[DATASET CONTENT]
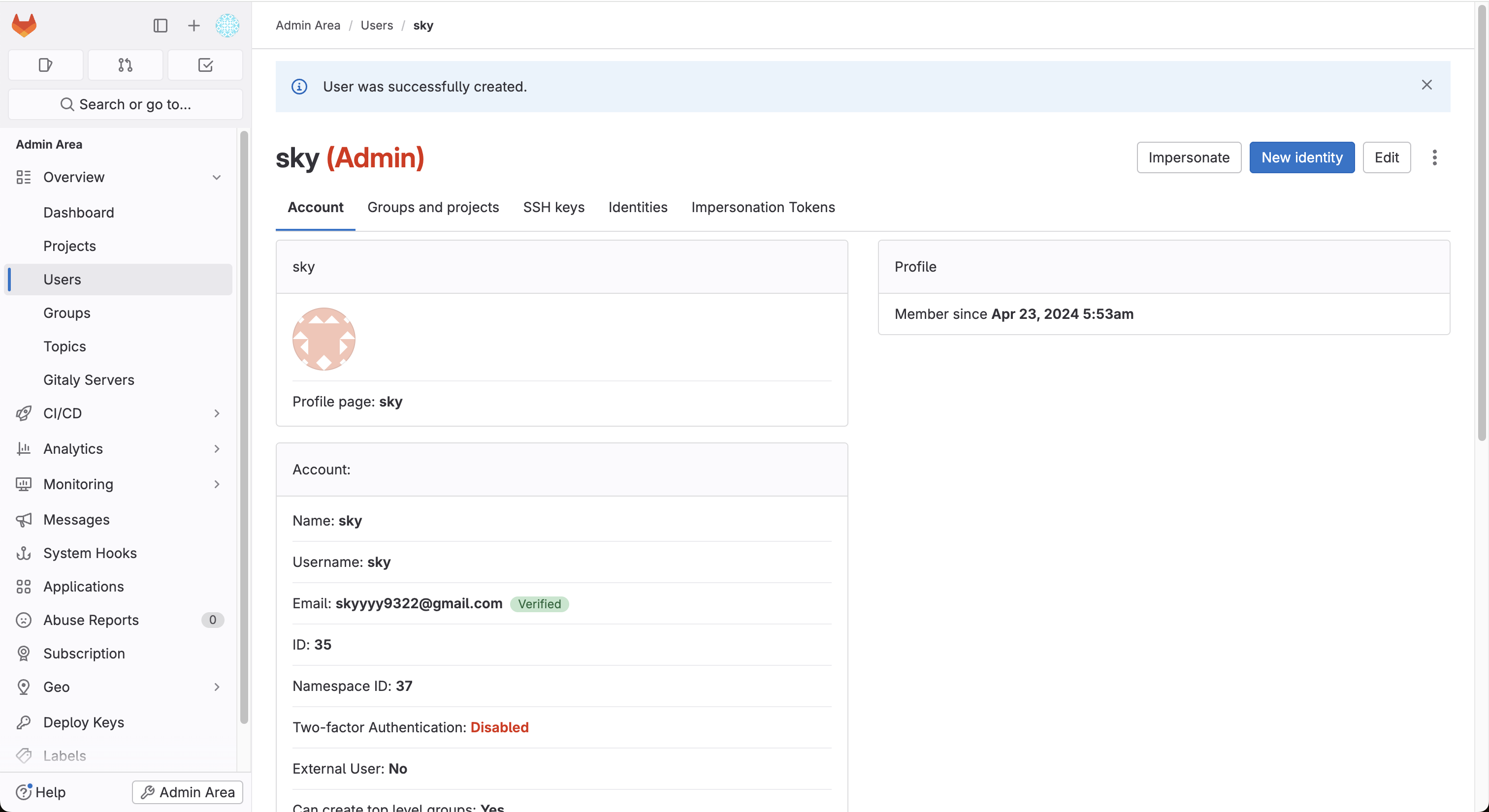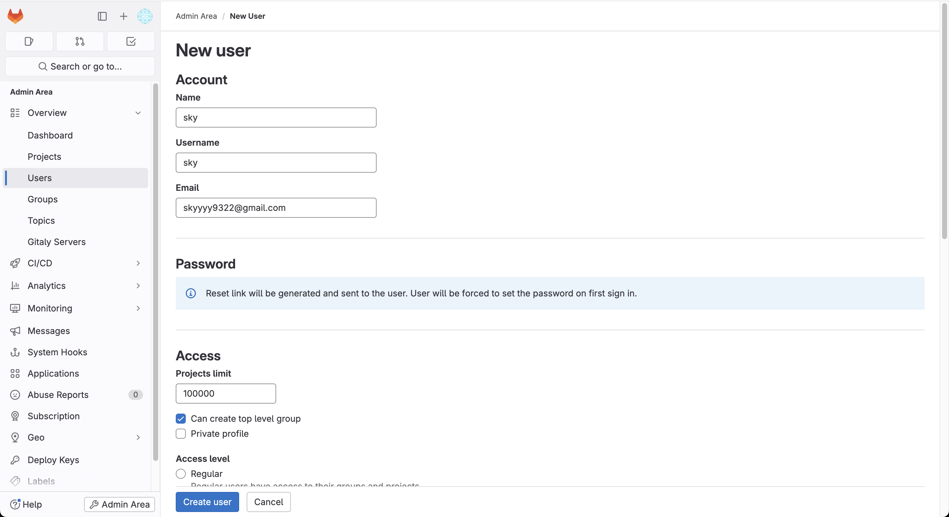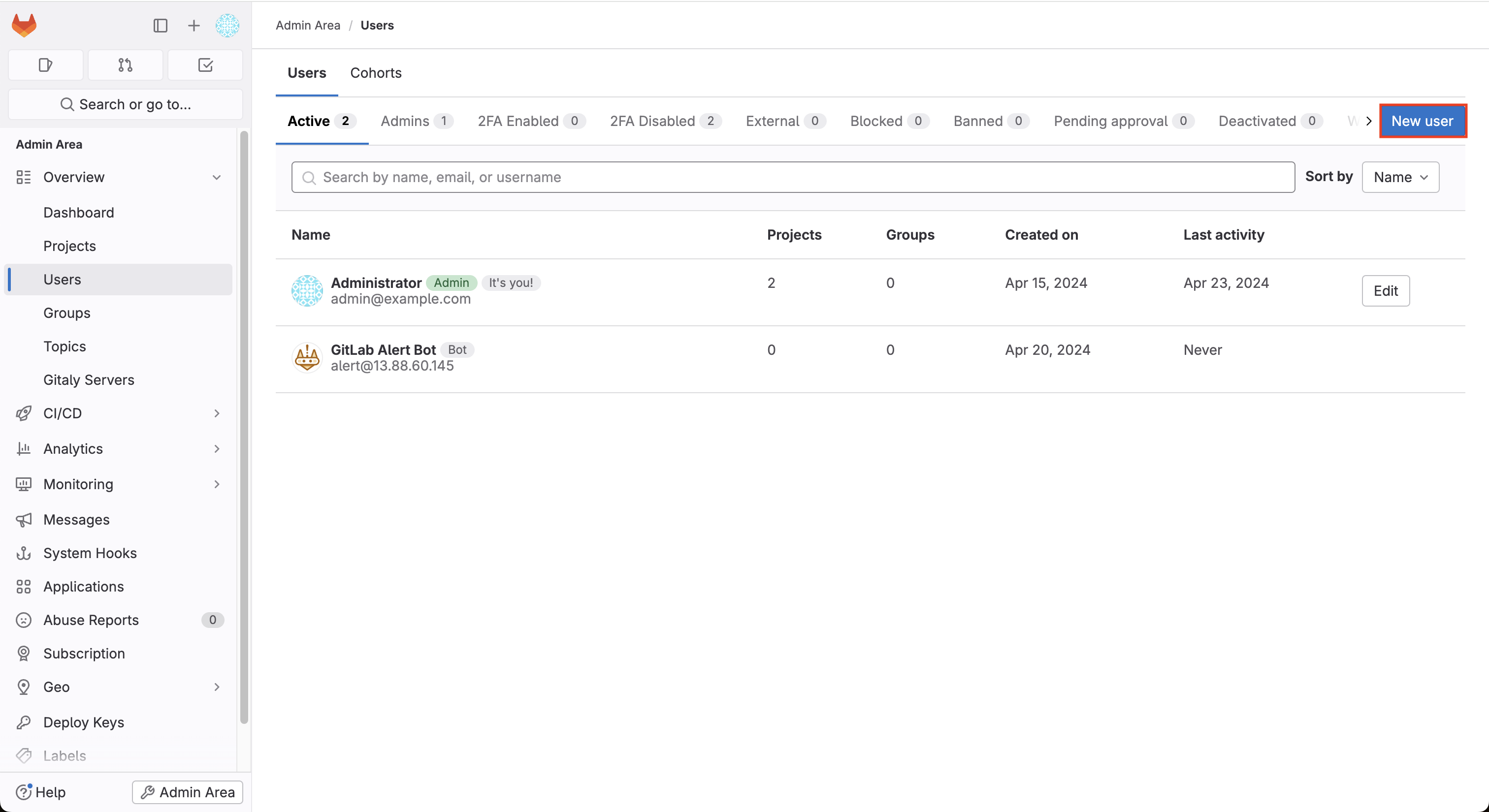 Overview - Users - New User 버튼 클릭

...

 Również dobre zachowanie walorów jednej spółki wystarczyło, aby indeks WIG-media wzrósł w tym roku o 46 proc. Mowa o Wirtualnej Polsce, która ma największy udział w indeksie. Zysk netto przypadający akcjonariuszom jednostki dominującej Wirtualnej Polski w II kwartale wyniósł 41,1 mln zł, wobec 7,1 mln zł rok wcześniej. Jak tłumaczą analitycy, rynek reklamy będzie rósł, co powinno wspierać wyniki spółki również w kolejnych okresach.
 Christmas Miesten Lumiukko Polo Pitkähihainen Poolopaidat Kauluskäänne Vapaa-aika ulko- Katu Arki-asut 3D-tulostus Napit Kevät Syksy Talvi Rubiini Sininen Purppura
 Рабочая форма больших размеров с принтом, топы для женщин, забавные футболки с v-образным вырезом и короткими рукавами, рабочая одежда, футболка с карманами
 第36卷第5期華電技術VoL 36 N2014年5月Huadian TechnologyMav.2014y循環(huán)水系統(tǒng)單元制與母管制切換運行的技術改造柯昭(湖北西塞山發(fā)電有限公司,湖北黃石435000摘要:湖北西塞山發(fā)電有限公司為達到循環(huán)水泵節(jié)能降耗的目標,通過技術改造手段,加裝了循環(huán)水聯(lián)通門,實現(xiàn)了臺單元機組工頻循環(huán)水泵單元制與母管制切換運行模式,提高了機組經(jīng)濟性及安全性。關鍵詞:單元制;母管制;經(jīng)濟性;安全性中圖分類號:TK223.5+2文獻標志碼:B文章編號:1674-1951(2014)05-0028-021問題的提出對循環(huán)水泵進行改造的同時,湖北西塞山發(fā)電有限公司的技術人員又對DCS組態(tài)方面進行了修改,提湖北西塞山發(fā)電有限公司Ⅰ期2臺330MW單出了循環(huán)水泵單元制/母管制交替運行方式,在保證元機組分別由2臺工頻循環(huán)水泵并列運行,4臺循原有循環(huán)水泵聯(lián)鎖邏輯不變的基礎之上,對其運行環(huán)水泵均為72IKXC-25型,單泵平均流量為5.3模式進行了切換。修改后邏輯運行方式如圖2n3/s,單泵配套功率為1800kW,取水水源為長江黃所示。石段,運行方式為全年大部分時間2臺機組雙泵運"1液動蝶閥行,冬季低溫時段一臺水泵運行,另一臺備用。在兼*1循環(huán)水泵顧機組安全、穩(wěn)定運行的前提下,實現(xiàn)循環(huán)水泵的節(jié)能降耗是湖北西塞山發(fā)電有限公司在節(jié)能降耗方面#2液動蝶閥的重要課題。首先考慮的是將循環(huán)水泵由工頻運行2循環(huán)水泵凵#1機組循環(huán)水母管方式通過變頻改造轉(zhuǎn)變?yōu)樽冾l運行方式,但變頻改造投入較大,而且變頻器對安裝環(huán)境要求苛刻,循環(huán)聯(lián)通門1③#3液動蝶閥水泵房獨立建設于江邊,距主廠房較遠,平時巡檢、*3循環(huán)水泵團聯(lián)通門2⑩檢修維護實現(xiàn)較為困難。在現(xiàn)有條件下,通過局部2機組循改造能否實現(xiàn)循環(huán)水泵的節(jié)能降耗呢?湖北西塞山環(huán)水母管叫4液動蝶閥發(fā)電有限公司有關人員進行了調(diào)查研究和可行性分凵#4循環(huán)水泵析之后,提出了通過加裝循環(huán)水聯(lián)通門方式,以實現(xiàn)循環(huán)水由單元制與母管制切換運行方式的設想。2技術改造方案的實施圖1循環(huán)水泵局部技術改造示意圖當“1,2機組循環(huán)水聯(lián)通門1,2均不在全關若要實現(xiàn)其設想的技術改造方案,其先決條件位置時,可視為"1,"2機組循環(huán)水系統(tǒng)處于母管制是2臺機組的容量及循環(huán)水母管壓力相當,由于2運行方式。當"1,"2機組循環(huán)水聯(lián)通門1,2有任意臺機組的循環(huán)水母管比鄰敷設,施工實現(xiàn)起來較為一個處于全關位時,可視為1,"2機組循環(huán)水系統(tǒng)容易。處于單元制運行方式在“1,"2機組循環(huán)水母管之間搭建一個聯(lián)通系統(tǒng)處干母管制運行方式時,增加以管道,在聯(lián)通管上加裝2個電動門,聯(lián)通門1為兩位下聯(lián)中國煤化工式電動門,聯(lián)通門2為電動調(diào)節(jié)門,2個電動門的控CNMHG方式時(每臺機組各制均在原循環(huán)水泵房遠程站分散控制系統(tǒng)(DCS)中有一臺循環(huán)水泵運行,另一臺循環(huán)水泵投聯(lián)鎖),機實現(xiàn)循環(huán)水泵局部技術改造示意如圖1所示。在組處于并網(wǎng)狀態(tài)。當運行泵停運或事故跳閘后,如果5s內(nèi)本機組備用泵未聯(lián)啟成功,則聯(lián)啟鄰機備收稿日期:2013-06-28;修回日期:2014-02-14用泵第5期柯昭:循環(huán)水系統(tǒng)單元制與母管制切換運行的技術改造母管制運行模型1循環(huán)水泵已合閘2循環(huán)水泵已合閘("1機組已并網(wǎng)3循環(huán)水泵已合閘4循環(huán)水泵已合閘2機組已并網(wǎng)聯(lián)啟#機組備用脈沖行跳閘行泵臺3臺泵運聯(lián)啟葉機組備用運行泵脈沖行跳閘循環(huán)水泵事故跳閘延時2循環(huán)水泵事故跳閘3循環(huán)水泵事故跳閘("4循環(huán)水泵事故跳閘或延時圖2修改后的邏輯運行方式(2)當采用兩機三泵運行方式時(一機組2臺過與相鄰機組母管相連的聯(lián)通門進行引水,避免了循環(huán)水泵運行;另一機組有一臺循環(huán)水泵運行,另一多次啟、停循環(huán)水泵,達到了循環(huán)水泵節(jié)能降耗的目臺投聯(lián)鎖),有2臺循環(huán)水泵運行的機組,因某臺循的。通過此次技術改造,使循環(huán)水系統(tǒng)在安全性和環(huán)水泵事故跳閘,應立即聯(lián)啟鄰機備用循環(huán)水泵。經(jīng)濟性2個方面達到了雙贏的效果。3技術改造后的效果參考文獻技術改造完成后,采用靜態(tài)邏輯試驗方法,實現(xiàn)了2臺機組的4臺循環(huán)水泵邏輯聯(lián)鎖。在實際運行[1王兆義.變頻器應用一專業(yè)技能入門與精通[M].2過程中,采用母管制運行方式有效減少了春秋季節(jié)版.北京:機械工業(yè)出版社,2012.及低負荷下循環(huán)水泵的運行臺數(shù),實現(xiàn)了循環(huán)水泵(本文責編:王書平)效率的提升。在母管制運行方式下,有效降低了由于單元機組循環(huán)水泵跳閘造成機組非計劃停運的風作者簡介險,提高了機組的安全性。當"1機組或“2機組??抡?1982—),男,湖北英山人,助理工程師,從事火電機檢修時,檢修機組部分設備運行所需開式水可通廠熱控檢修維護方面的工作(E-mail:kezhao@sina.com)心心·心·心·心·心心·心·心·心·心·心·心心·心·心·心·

[REQUIRED ACTION] The stretch of entries above that starts with the line containing "Również dobre zachowanie" and goes on through the line containing "Christmas Miesten Lumiukko" is to be transcribed exactly, and no other line is to be transcribed.

[TASK SOLUTION]
 Również dobre zachowanie walorów jednej spółki wystarczyło, aby indeks WIG-media wzrósł w tym roku o 46 proc. Mowa o Wirtualnej Polsce, która ma największy udział w indeksie. Zysk netto przypadający akcjonariuszom jednostki dominującej Wirtualnej Polski w II kwartale wyniósł 41,1 mln zł, wobec 7,1 mln zł rok wcześniej. Jak tłumaczą analitycy, rynek reklamy będzie rósł, co powinno wspierać wyniki spółki również w kolejnych okresach.
 Christmas Miesten Lumiukko Polo Pitkähihainen Poolopaidat Kauluskäänne Vapaa-aika ulko- Katu Arki-asut 3D-tulostus Napit Kevät Syksy Talvi Rubiini Sininen Purppura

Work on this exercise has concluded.